* _Problem description_
Instruction for the entries below: return the part that opens with the line containing "The conversion of" and closes with the line containing "One of the most", exactly, and no pictures.

(Stored data entries)
---*---

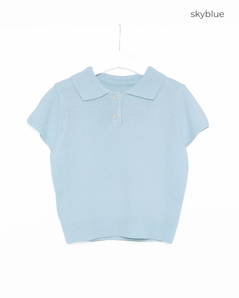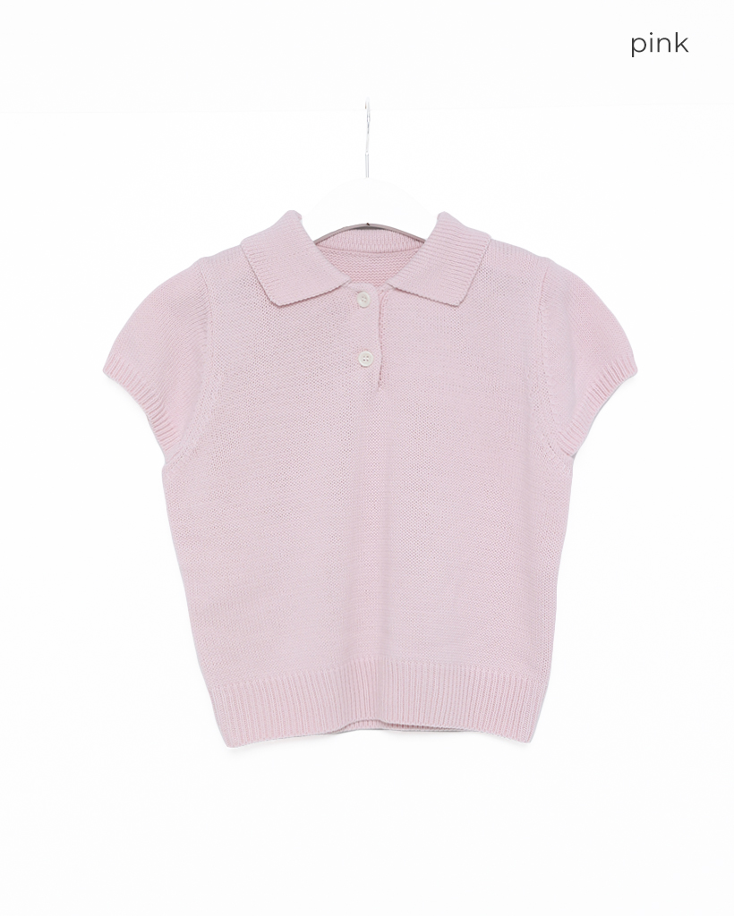 ツーボタンカラー半袖ニット
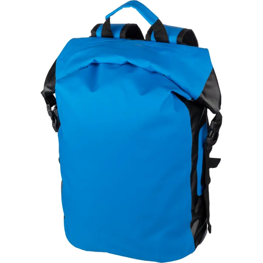 Plecak zwijany, wodoodporny, rozwijalna główna kieszeń zamykana na klamrę, która umożliwia zwiększanie pojemności plecaka oraz lepiej chroni przed czynnikami atmosferycznymi po zwinięciu, posiada regulowane, wzmocnione paski i wzmocniony spód, uchwyt ułatwiający noszenie, produkt wykonany między innymi z poliestru
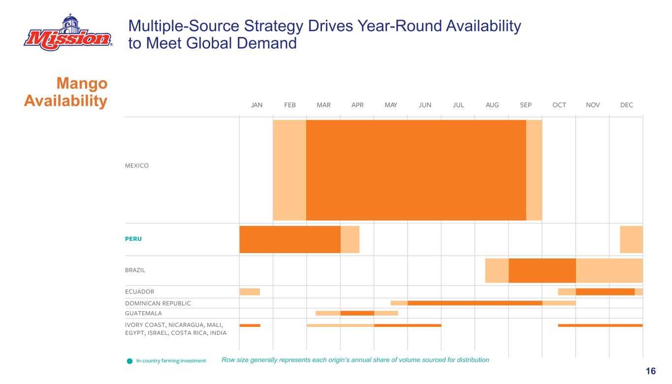 Multiple-Source Strategy Drives Year-Round Availability to Meet Global Demand 15 Avocado Availability Row size generally represents each origin’s annual share of volume sourced for distribution MEXICO PERU CALIFORNIA SOUTH AFRICA KENYA, MOROCCO, ISRAEL, TANZANIA, NEW ZEALAND, BRAZIL, DOMINICAN REPUBLIC ECUADOR, SPAIN COLOMBIA GUATEMALA CHILE Avocados–Global Availability JAN FEB MAR APR MAY JUN JUL AUG SEP OCT NOV DEC Let’s Connect! missionproduce.com @mission_produce Stronger bar color denotes higher volume. Transition periods can vary slightly dependent on weather, growing conditions, etc. Not all origins have access to all markets.Vertically Integrated growing locations
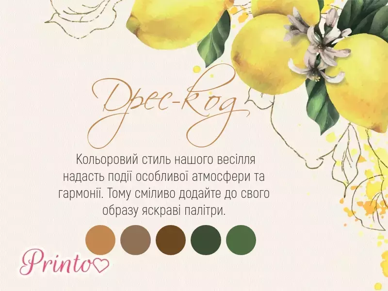 Вкажіть, який дрес-код бажаний на вашому весіллі. Вставте на слайд палітру кольорів, які будуть переважати на весіллі.
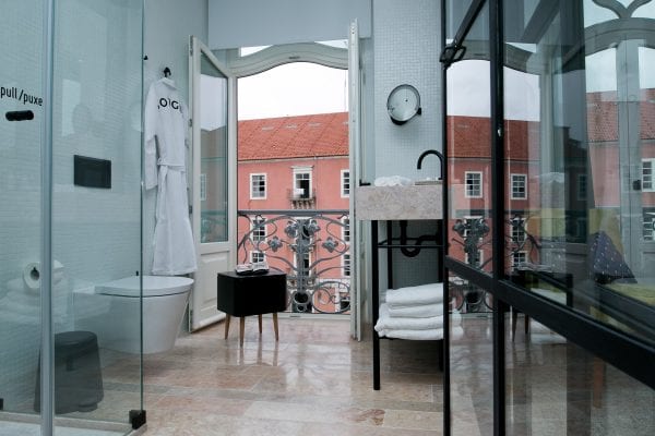 The conversion of the 1908 Lisboa apartments into a hotel created 36 guest rooms that are furnished with minimalist decor in subdued coloring. The best room in the house is the “King of Dome Suite” on the top floor, situated under the building’s dome with a living room that has a birds-eye view of the rooftops of Lisbon. Connected by stairs to the bedroom and charming bathroom one floor down, the bathroom has a ball and claw foot antique bath with shower.
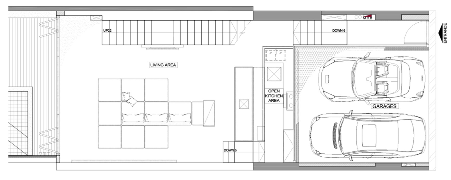 One of the most impressive and eye-catching features of this amazing home comes in the form of a garage that features glass walls and was placed right above the open kitchen area. This garage has enough space for 2 cars and allows the owner to keep his or her favorite ride in visual contact at all times. This theme of transparency carries on to the master bedroom, which features a glass bathroom as well as floor-to-ceiling windows.
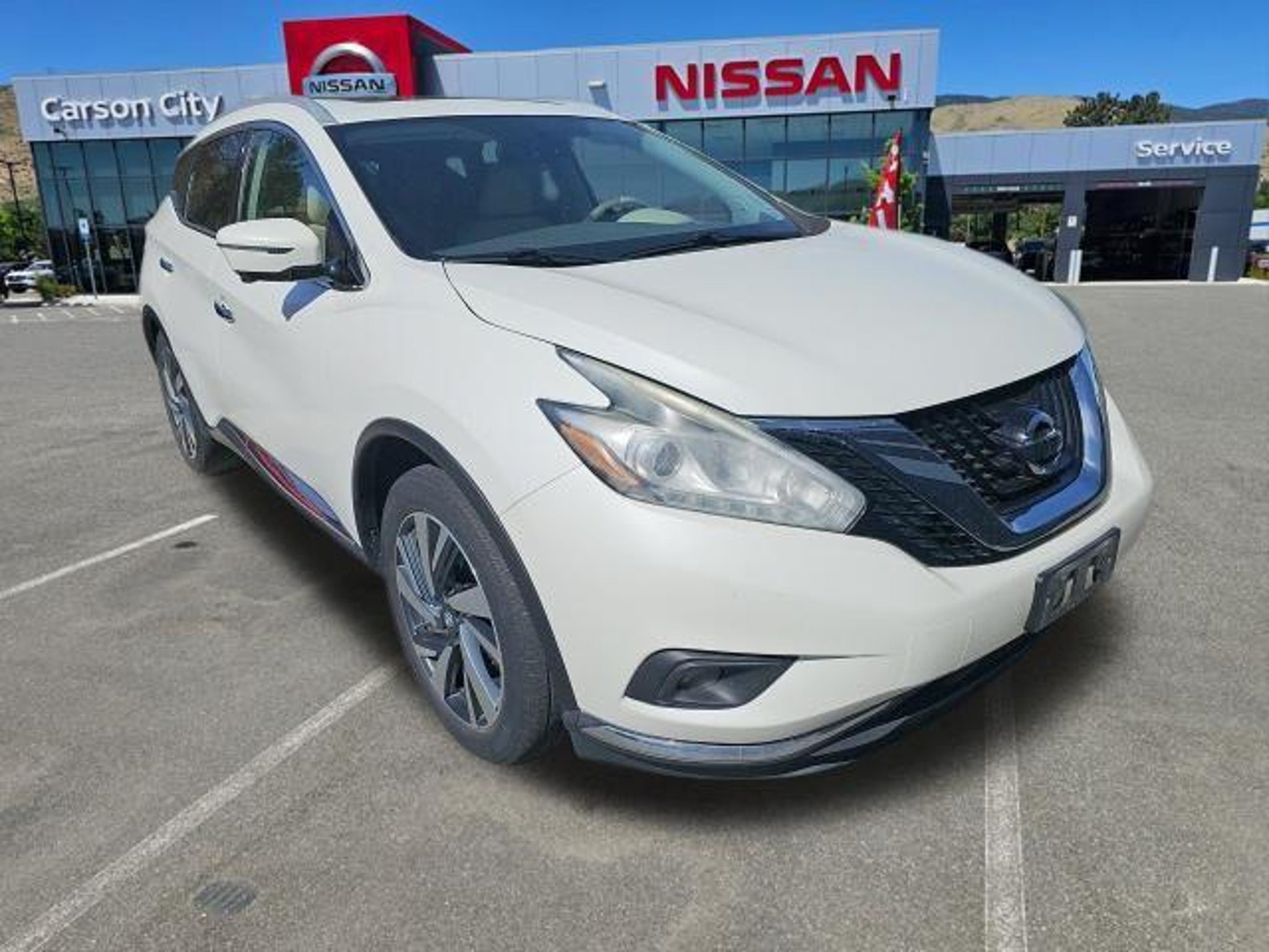 * Save money on sales tax over buying in Reno! This stunning 2018 Nissan Murano Platinum is a true standout in its class. With its sleek white exterior and premium Platinum trim, this Murano commands attention wherever it goes. But the real story lies in the impressive array of features that make this vehicle a must-have for the discerning driver. - Automatic temperature control - Front dual zone A/C - Memory seat - Power Liftgate - Blind Spot Warning - Front fog lights - Fully automatic headlights - Security system - Spoiler - Turn signal indicator mirrors - Apple CarPlay/Android Auto - Garage door transmitter: HomeLink - Heated steering wheel - NissanConnect Services Powered By SiriusXM - Heated front seats - Heated rear seats - Leather Appointed Seat Trim - Wheels: 20 Machined Aluminum-Alloy This Murano Platinum is more than just a pretty face. Under the hood, you'll find a powerful 3.5L V6 DOHC 24V engine mated to a smooth CVT with Xtronic and All-Wheel Drive. With an EPA-estimated 21 MPG in the city and 28 MPG on the highway, this Murano delivers the perfect balance of performance and efficiency. But the true standout features of this Murano are the premium amenities that elevate the driving experience. Imagine sinking into the plush, leather-appointed seats while the dual-zone climate control keeps you and your passengers comfortable. The power liftgate and Blind Spot Warning system add convenience and safety, while the Bose audio system and NissanConnect infotainment with Apple CarPlay and Android Auto keep you connected and entertained. This Murano Platinum is not just a vehicle "“ it's a statement. It's a testament to your discerning taste and your desire for a premium driving experience. With its stunning looks, impressive performance, and unparalleled features, this Murano is sure to turn heads and make a lasting impression. Don't miss your chance to make this Murano Platinum your own. Schedule a test drive today and experience the difference for yourself. We're confident you'll be impressed. * Save on sales tax over buying in Reno! We may be the newest and fastest-growing franchise dealership in Nevada, but that hasn't stopped us from recruiting an automotive dream team. Our staff includes long-time Nissan product experts on both our sales and management teams. Our goal is to make buying your car a fun and easy experience. Se habla español en cada parte de la empresa: ventas, finanzas, reparación y en la oficina. Si prefiere visitar este sitio en español, seleccione En Español al pie de la página.

---*---

* _Output for this task_
 The conversion of the 1908 Lisboa apartments into a hotel created 36 guest rooms that are furnished with minimalist decor in subdued coloring. The best room in the house is the “King of Dome Suite” on the top floor, situated under the building’s dome with a living room that has a birds-eye view of the rooftops of Lisbon. Connected by stairs to the bedroom and charming bathroom one floor down, the bathroom has a ball and claw foot antique bath with shower.
 One of the most impressive and eye-catching features of this amazing home comes in the form of a garage that features glass walls and was placed right above the open kitchen area. This garage has enough space for 2 cars and allows the owner to keep his or her favorite ride in visual contact at all times. This theme of transparency carries on to the master bedroom, which features a glass bathroom as well as floor-to-ceiling windows.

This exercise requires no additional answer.